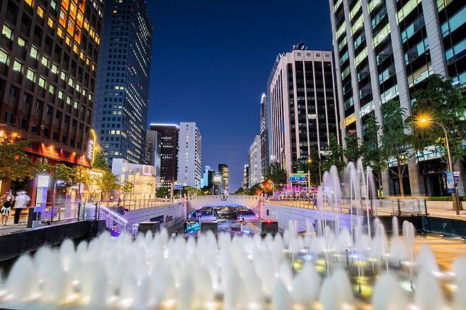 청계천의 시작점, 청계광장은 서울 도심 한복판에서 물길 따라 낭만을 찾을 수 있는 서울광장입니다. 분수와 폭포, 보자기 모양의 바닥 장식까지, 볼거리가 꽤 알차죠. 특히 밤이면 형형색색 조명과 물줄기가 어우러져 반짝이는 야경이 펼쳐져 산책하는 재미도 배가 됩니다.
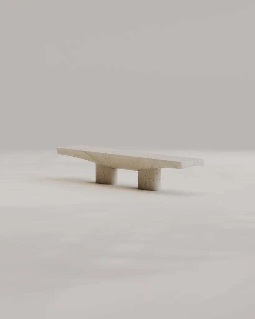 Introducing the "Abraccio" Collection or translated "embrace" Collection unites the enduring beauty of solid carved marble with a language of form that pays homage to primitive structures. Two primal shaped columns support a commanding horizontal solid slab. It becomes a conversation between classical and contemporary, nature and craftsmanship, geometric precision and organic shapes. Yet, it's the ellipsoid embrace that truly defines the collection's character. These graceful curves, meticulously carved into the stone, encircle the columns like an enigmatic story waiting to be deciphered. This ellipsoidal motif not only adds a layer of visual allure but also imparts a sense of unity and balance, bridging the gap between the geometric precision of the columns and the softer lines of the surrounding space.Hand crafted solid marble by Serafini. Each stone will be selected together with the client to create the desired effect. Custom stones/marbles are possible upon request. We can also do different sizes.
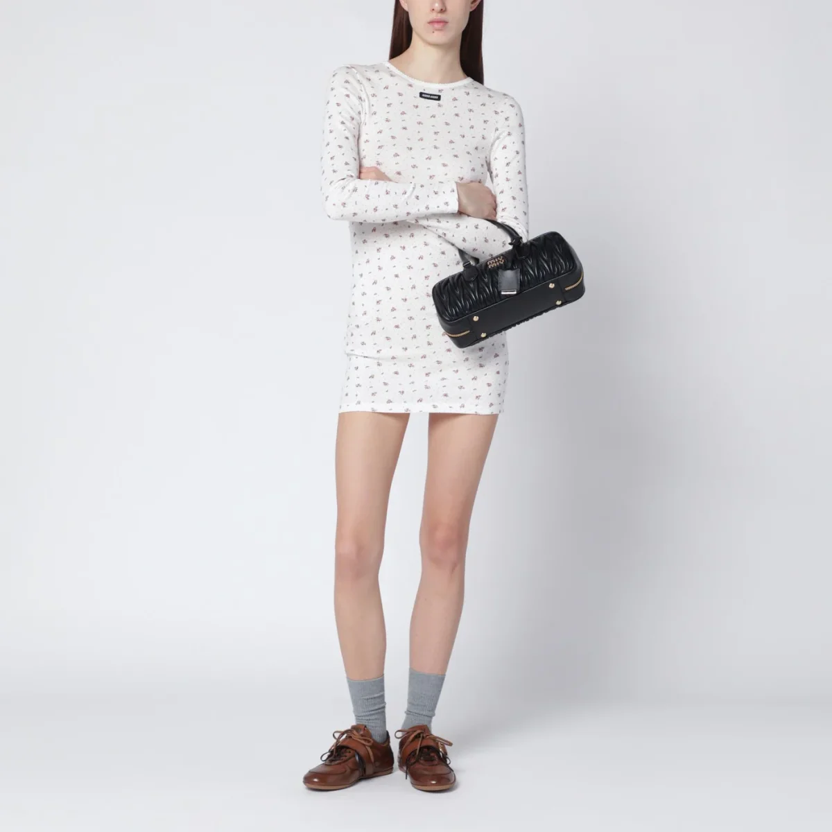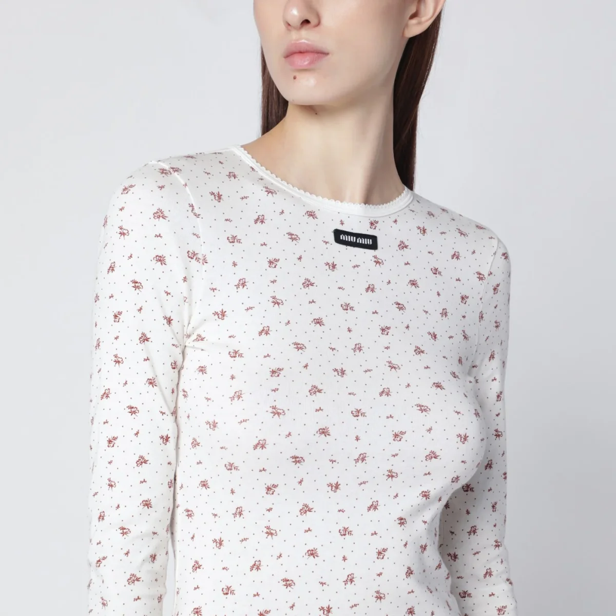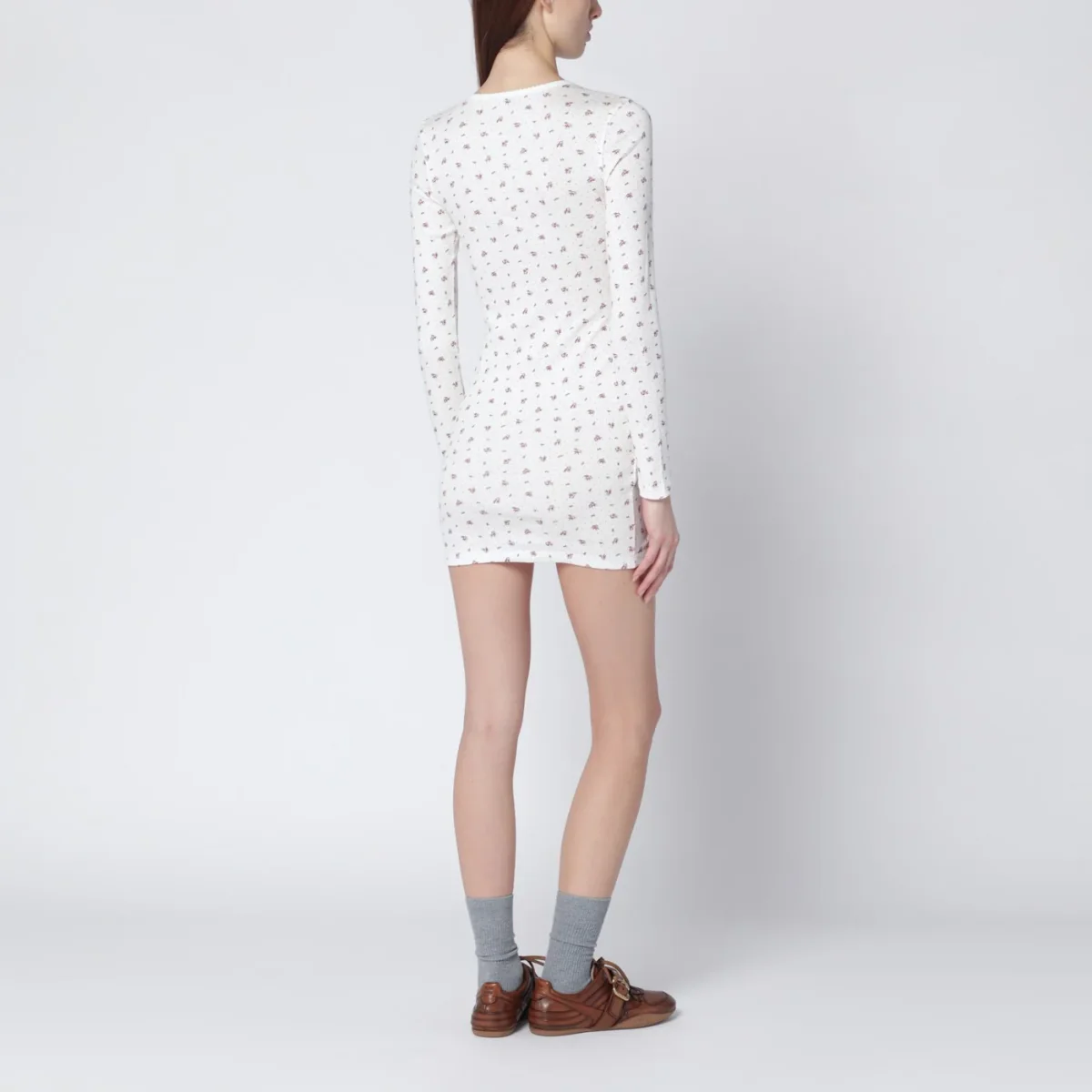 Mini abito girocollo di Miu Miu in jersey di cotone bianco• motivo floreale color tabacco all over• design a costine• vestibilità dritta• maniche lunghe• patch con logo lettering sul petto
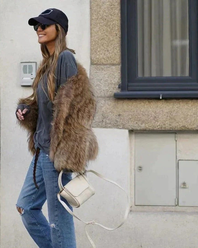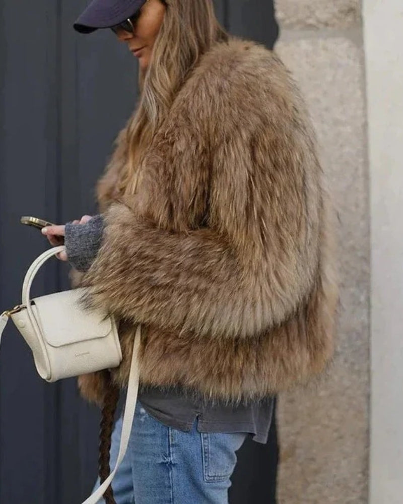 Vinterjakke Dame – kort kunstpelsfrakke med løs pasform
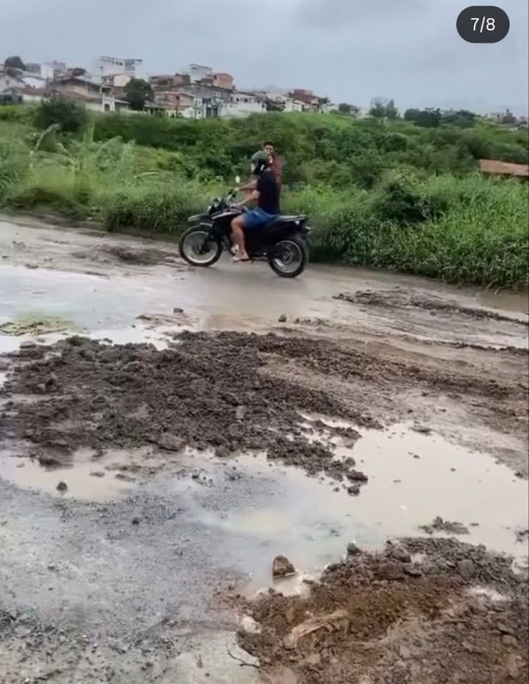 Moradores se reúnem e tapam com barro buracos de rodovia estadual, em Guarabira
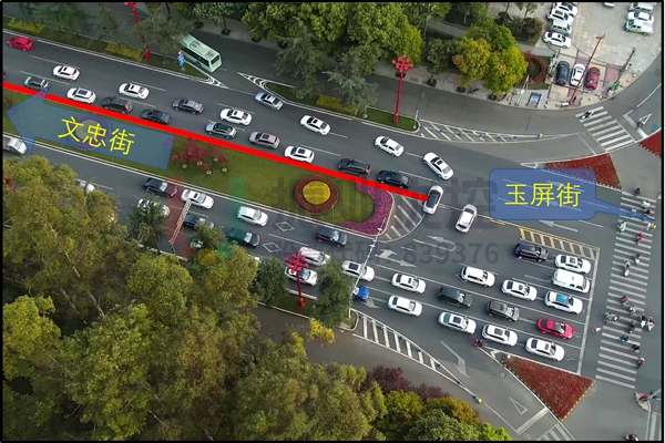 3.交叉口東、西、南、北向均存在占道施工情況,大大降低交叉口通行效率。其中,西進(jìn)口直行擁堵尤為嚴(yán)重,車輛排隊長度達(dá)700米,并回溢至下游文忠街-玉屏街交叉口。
...
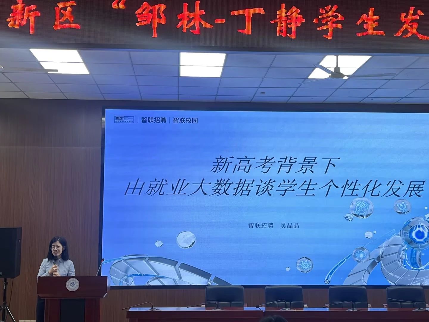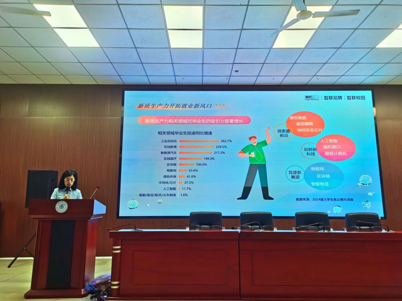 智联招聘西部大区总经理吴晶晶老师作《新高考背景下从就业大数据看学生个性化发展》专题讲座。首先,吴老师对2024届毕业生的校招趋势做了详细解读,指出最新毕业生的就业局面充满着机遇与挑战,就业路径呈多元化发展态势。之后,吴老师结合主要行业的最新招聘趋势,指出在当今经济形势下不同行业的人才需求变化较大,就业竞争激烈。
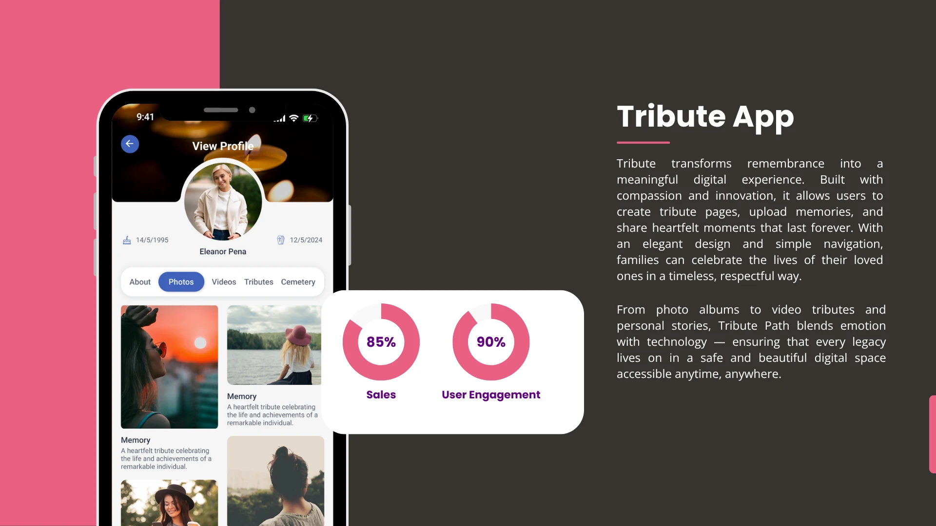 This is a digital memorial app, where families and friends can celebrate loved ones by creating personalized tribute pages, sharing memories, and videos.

- [Exercise]: Word for word, write out the lines above running from the one with "청계천의 시작점, 청계광장은" up to and including the one with "Vinterjakke Dame –". Drop any picture.

- [Response to the exercise]:
 청계천의 시작점, 청계광장은 서울 도심 한복판에서 물길 따라 낭만을 찾을 수 있는 서울광장입니다. 분수와 폭포, 보자기 모양의 바닥 장식까지, 볼거리가 꽤 알차죠. 특히 밤이면 형형색색 조명과 물줄기가 어우러져 반짝이는 야경이 펼쳐져 산책하는 재미도 배가 됩니다.
 Introducing the "Abraccio" Collection or translated "embrace" Collection unites the enduring beauty of solid carved marble with a language of form that pays homage to primitive structures. Two primal shaped columns support a commanding horizontal solid slab. It becomes a conversation between classical and contemporary, nature and craftsmanship, geometric precision and organic shapes. Yet, it's the ellipsoid embrace that truly defines the collection's character. These graceful curves, meticulously carved into the stone, encircle the columns like an enigmatic story waiting to be deciphered. This ellipsoidal motif not only adds a layer of visual allure but also imparts a sense of unity and balance, bridging the gap between the geometric precision of the columns and the softer lines of the surrounding space.Hand crafted solid marble by Serafini. Each stone will be selected together with the client to create the desired effect. Custom stones/marbles are possible upon request. We can also do different sizes.
 Mini abito girocollo di Miu Miu in jersey di cotone bianco• motivo floreale color tabacco all over• design a costine• vestibilità dritta• maniche lunghe• patch con logo lettering sul petto
 Vinterjakke Dame – kort kunstpelsfrakke med løs pasform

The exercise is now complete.